Five years after the declared end of the conflict with the Islamic State (IS), Iraq's recovery remains fragile as many communities remain in need of humanitarian assistance.
Among those most at risk of exclusion are the one million internally displaced and returnee Iraqis that lack civil documentation, such as core identity documents and birth, marriage and death certificates. Without key documents, displacement-affected populations can lack legal identity or status and find themselves excluded from key services and facing critical protection risks.
Life in the Margins builds on the 2019 research report Paperless People of Post-Conflict Iraq to further explore the challenges faced by displacement-affected populations who are missing civil documentation, and how these have evolved in the recent past.
While the number of Iraqis missing documentation has reduced as a result of concerted interventions by a range of actors, broader systematic and policy-level barriers remain.
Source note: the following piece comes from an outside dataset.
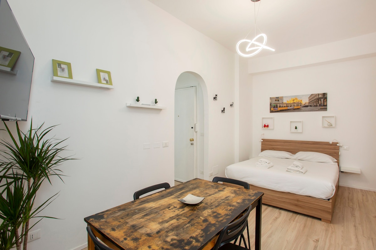 I et typisk Vecchia Milano-hus med balkong, en koselig, lys og veldig rolig to-roms leilighet. Fem minutters gange fra T-banestasjonen, i nærheten av Fondazione Prada og flere restauranter og puber. Leiligheten er godt organisert: stuen med spiseplass, arbeidsplass og komfortabel sovesofa, soverommet med dobbeltseng og skrivebord. Hyggelig uteplass for å slappe av og nyte roen i himmelen og takene. Svært raskt wifi: 420 mbps

This is particularly true for populations with perceived affiliation with IS, for whom the process of securing documentation has only become more challenging in recent years. Women and female-headed households and internally displaced people (IDPs) unable to access Civil Affairs Directorates also face heightened challenges.
The report is informed by the programmatic experience of seven aid groups, which include NRC, DRC, IRC, and others, across nine governorates in Federal Iraq and the Kurdistan Region of Iraq (KRI).